Even before the flight--a 215-mile hop to Nantes--27-year-old Jacqueline was on her way to becoming a flying folk heroine. French newspapers endlessly told how the pretty pioneer,* charmed by the tales of Aviator-Author Antoine de St. Exupery, worked in a factory as a teen-ager to pay for glider lessons, later finished at the top of the class in her pilot's exams--only to be turned down by Air France because long flights would be "too tough" for a woman. If a woman at the controls seemed odd to Air France, it did not to Air Inter, the fast-growing outfit that hired Jacqueline last May, and had her well up in a public-relations orbit before her first flight.

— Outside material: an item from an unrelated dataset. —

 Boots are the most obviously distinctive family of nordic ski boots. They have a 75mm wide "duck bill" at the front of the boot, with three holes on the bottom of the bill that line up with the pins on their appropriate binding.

Le Figaro & Fruit Juice. As a government-owned counterpart of huge, foreign-flying Air France, Air Inter began operating in 1960 as France's first and only domestic airline. "Why bother?" asked many Frenchmen, accustomed to zipping along France's long, poplar-lined roads at Citroen speed--80 m.p.h. and upward. Air Inter soon proved why. Cramming passengers into mini-bucket seats, and serving only Le Figaro and fruit juice in flight, the line carried 16,000 passengers in its first year, passed 500,000 in 1964, reached 1,170,000 last year. It started with a handful of chartered planes and a staff of ten, now has 23 aircraft of its own, including five jet Caravelles, and 1,370 employees.
Air Inter will give up its modest $800,000 annual subsidy at year's end --but not its Gallic formula for a large income: outrageously high fares. Officially, the line excuses them on the ground that high fuel costs help run operating expenses 30% above those of similar, U.S. airlines. Privately, one Air Inter staffer frankly admits that "80% of our passengers are businessmen. They don't care what the fare is --it's the company that pays."
If customers find that a pretty pilot makes those stiff fares easier to swallow, Air Inter presumably will not mind. But Rear Admiral Paul Hebrard, a retired naval aviator who is Air Inter's chairman, insists that Mlle. Dubut is aboard only because the airline has now outgrown its supply of males. "Her record was faultless. There was no reason not to hire her," he says. Not content to leave well enough alone, the admiral makes the ridiculous claim: "She must also be considered not as a girl, but as a boy."
* There are fewer than half a dozen others flying for scheduled airlines elsewhere in the world, none in the U.S.